Oil has gone from savior to curse for Ghana. When the West African nation shipped its first barrels of crude oil in 2010, then-president John Atta Mills pledged to build new roads and a deep-sea port, expand the power grid and create an aluminum industry.
Five years later and Ghana’s economy is sinking. The government was forced to seek an emergency loan from the International Monetary Fund of almost $1 billion, the currency was the worst performer in Africa against the dollar in the first half of the year and power cuts of 24 hours at a time are crippling businesses.
The promise of an oil windfall led Ghana on a borrowing spree. Feted by donors for its stable democracy in a region known for coups and civil conflict, the West African nation attracted investors hunting for high yields. Spending controls weakened at the same time as gold and cocoa prices fell. Soon Ghana went from being almost debt-free to being downgraded by credit-rating companies.
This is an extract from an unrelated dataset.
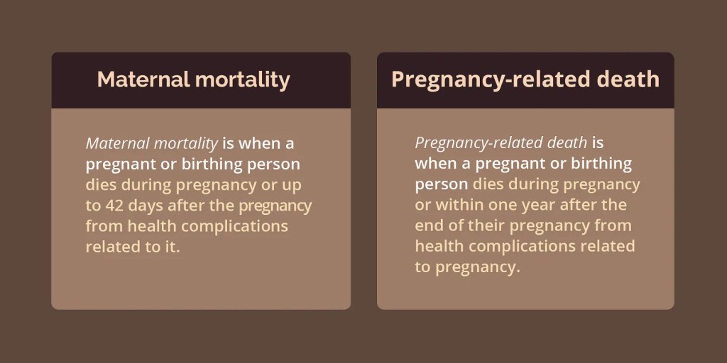 Maternal mortality is when a pregnant or birthing person dies during pregnancy or up to 42 days after the pregnancy from health complications related to it. Pregnancy-related death is when a pregnant or birthing person dies during pregnancy or within one year after the end of their pregnancy from health complications related to pregnancy.

“It’s clear that Ghana did fall prey to the oil curse in the sense of the expectation that oil money was going to solve all its problems,” Philippe de Pontet, Africa director at Eurasia Group, said from Washington. “That had a perverse impact on government planning, spending and behaviors.”
After posting the fastest economic growth in Africa in 2011, Ghana’s expansion of 4 percent in 2014 was the slowest in 20 years. This month it raised its 2015 deficit target to 7.3 percent of gross domestic product to account for lower-than-expected revenue from oil.
Supply Surplus
Ghana is among producers from Iran to Russia to Nigeria that are struggling with lower-than-expected crude revenue. They are whipsawed by a global supply surplus that caused the price of Brent crude to drop about 50 percent in the past year.
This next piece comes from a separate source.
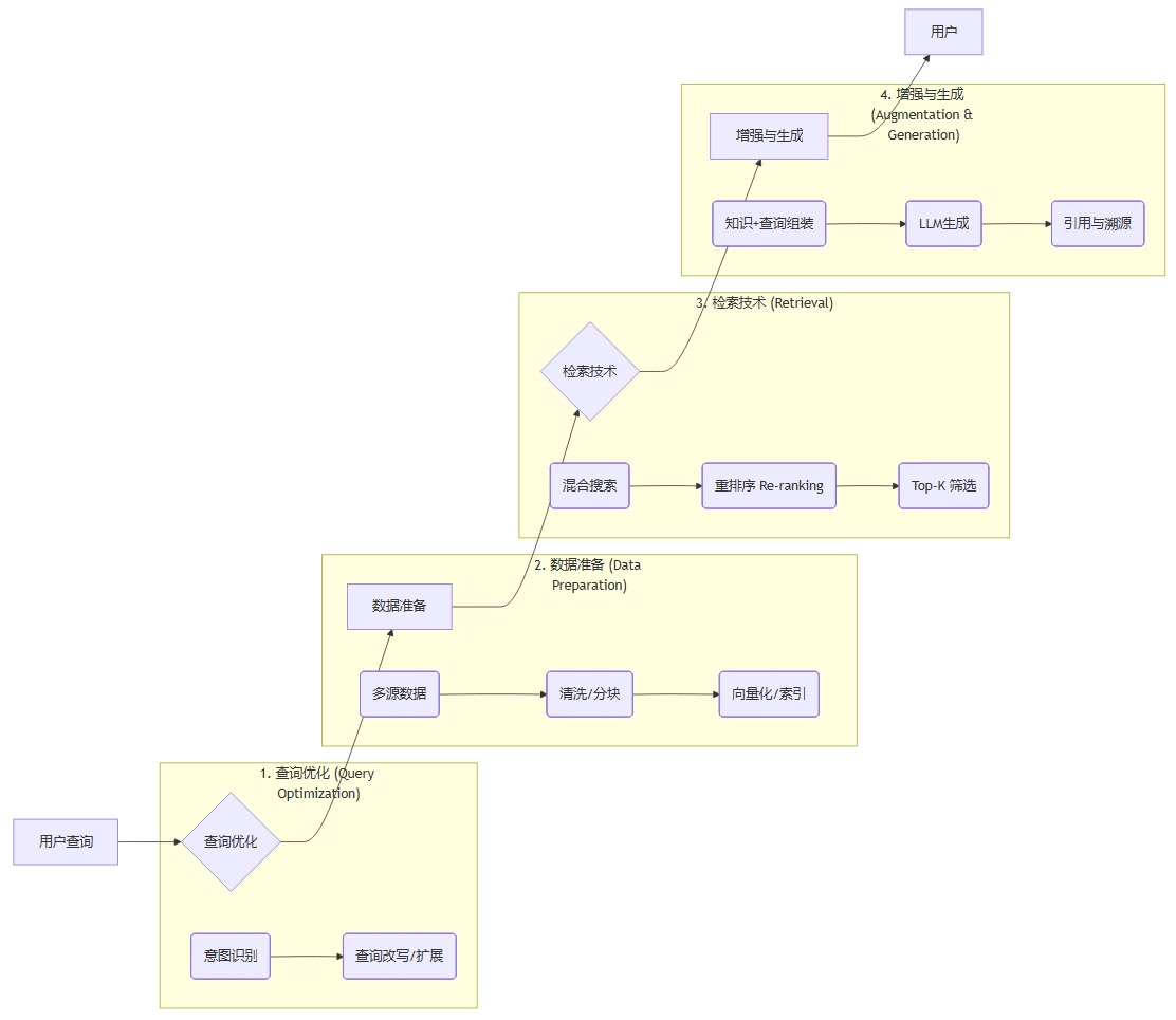 在基础的RAG方案里,用户的原始查询可以直接被向量化并用于检索。但这一步的优化,能极大提升后续环节的精准度。它通常利用模型(小模型或LLM本身)对用户输入进行意图识别、查询改写和关键词扩展。目的是让系统更准确地理解用户到底想问什么,为后续精准检索打下坚实基础。数据准备 (Data Preparation)

It’s a long way from 2007, when Ghana rode a wave of optimism after London-based Tullow Oil Plc discovered a large offshore reserve. The World Bank estimated in 2009 that the oil boom would boost government revenue by a third and transform an economy that stood at $16 billion at the time.
When Mills opened the first oil tap in December 2010, he pledged to avoid the mistakes of other African oil producers and save revenue for future generations. The resource comes with “serious responsibilities” and the government “must ensure oil is a blessing, is not a curse,” he said.
Ghana began racking up foreign debt less than two years after it was one of a group of highly indebted poor countries granted large write-offs. The government sold its first global bond of $750 million in 2007 and, following the oil discovery, received a $3 billion loan from China in 2011.
Rising Yields
Authorities have sold $1 billion in Eurobonds in each of the past two years and plan to auction at least another $1 billion this year. The yield on the Ghana’s dollar debt maturing in 2023 is up 130 basis points, or 1.3 percentage points, to 9.286 percent since it was sold in July 2013.
Public debt has almost doubled since 2007 to reach 68 percent of gross domestic product. The country may be headed for default in the next few years, Bloomberg Intelligence’s Mark Bohlund wrote this week.
“Government has borrowed and borrowed,” said Mohammed Amin Adam, head of the Accra-based African Center for Energy Policy. “If you look at borrowing and spending behavior, it quickly reached unsustainable debt levels on the back of oil expectations.”
Part of that borrowing was used to pay higher wages after Mills implemented a new salary structure for more than 600,000 civil servants in 2010. The wage bill more than doubled to 5 billion cedis ($1.5 billion) in 2011 and increased by 47 percent the year after that.
Energy Crisis
Mills died in office in 2012. He was replaced by John Dramani Mahama, who has failed to stem debt levels or solve the energy crisis.
His government has blamed falling commodity prices for much of the crisis as it cut budgeted revenue while pointing to oil prices for the cedi’s decline. Two phone calls and a text message to the mobile phone of Finance Minister Seth Terkper weren’t answered.
The IMF loan, agreed to in April, has provided the government with some breathing space and given investors reason to come back as authorities pledge to keep spending under control. The cedi has recouped all its losses of the first half of the year. And it has gained 26 percent against the dollar since June 29, when the IMF gave a positive assessment of Ghana’s budget targets.
‘More Cautious’
“With the IMF coming in, the government is being more cautious in terms of borrowing,” said Bernard Anaba, a policy analyst at the Integrated Social Development Centre, an Accra-based research group. “I’m optimistic that the accumulation of debt will slow down.”
The cedi has plunged 58 percent against the dollar since the beginning of 2011, reaching a record low of 4.49 on June 29. Inflation reached 17.1 percent in June. Santiago Cuneo, an economist at RVX Asset Management based in Miami, said he had owned Ghanaian debt before but wouldn’t jump at it now.
“Since the IMF deal, there has been some improvement in the numbers but I’m afraid we’re going to see a weakening cedi,” he said. “Even if there’s progress on the fiscal side, the price of oil and the falling commodity prices are not going to help.